Way back in Week 1, we learned that an algorithm is nothing more than a set of instructions given to the computer.


This week will broaden our understanding of algorithms as we traverse arrays, searching and sorting their elements.


Recall that we can qualify code by its correctness, design, and style. Week 3 hones in on design, or the efficiency of a program, which is measured by how fast it runs.


As always, this guide will be split into two parts: my personal notes and thoughts on the course content, along with my experience with the week’s problem set.


Lecture Notes


To recap, arrays are blocks of memory stored side-by-side, sort of like a locker.




Behind each of these seven doors is a distinct ‘value’, very much akin to how arrays store data within each adjacent block of memory.


With this in mind, let’s break down Week 3.


Search Algorithms


So what if we wanted to find out if a certain number, say the number 35, is stored behind one of those doors?

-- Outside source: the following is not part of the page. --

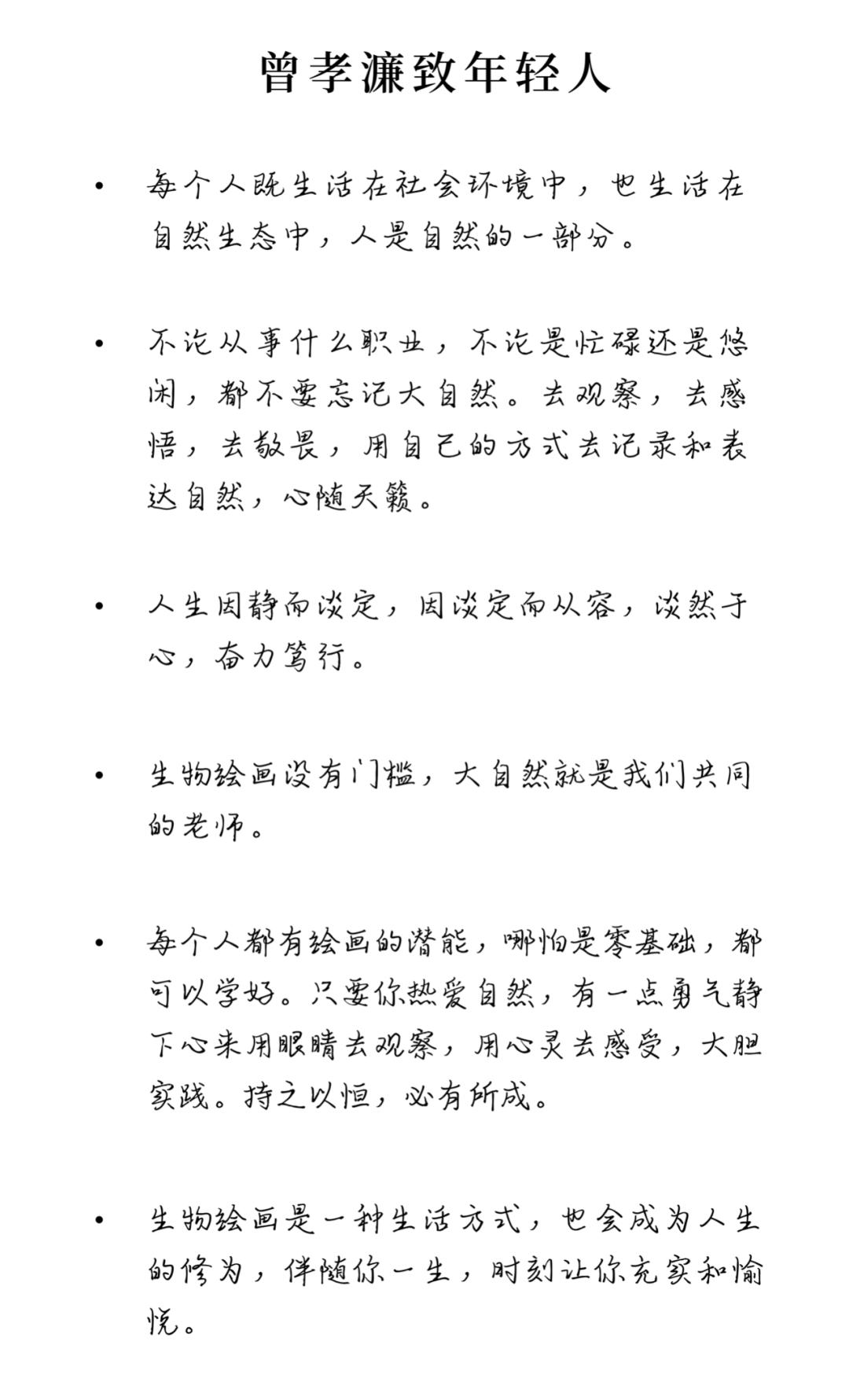 曾孝濂没有一点艺术家架子,觉得生物绘画就是“大众的艺术”。每个人都能欣赏,每个人都能尝试,是一种非常好的“人和自然对话沟通的形式”。

Well, we could implement a simple search algorithm. Before we start writing in C, however, it’s always good practice to start off with pseudocode.


We might tackle this problem by traversing the array – opening each door one-by-one – and then checking whether 35 appears behind one of those doors.

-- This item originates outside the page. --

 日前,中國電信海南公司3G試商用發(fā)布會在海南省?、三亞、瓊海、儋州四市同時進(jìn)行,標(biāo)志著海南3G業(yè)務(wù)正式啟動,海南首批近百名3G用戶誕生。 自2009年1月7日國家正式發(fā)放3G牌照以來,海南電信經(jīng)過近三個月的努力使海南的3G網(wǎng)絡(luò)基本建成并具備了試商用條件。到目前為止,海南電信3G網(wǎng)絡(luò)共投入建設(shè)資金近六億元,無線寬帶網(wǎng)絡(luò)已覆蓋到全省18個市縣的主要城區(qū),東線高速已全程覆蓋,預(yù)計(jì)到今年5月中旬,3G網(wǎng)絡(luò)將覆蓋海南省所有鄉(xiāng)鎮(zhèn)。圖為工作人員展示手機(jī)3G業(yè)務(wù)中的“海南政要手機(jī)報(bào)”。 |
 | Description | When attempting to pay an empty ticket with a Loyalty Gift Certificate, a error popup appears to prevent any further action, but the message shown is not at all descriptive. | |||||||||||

If so, the program would return true, and if not, false.


For each door from left to right

    If 35 is behind door

        Return true

Return false


Taking this pseudocode one step further, from human-readable instructions to a close approximation of the final code, we might end up with the following.


For i from 0 to n-1

    If 35 is behind doors[i]

        Return true

Return false


Even the phone book scenario we explored in Week 0 is an example of a search algorithm, more specifically, a binary search algorithm


Binary search algorithms, assuming that all values within an array have been arranged in increasing order, follow a ‘divide-and-conquer’ approach – breaking a larger problem into smaller ones until your solution remains.


With this in mind, let’s circle back to our original problem using binary search.


If no doors

    Return false

If 35 is behind doors[middle]

    Return true

Else if 35 < doors[middle]

    Search doors[0] through doors[middle-1]

Else if 35 > doors[middle]

    Search doors[middle+1] through doors[n-1]


Here, we begin by immediately checking whether the array exists, and returning false if not.


If the array does exist, however, we proceed by determining if 35 appears in the middle index of the array.


If not, knowing that the numbers are arranged in ascending order, we next check if 35 is less than the middle value or greater, and search the respective doors (the left half, if 35 appears to the left of the middle, and the right half, if 35 appears to the right). 


Notice how we can almost express this pseudocode formally in the C language, perhaps aside from the recursive function ‘search’, which Week 3 will touch upon later.


Time Complexity with Big O Notation


Let’s revisit this time complexity graph from Week 0’s phonebook algorithm.




You might have noticed that the yellow and red lines are labeled with the same ‘O(n)’ when their slopes are markedly different.


Big O notation describes the upper bound of a program’s runtime, meaning that if you zoomed out really, really far, the yellow and red lines would seem to overlap each other.


Although in reality the yellow line has a time complexity of n/2, the coefficient is negligible as we really only focus on the main factor influencing the time to solve an algorithm.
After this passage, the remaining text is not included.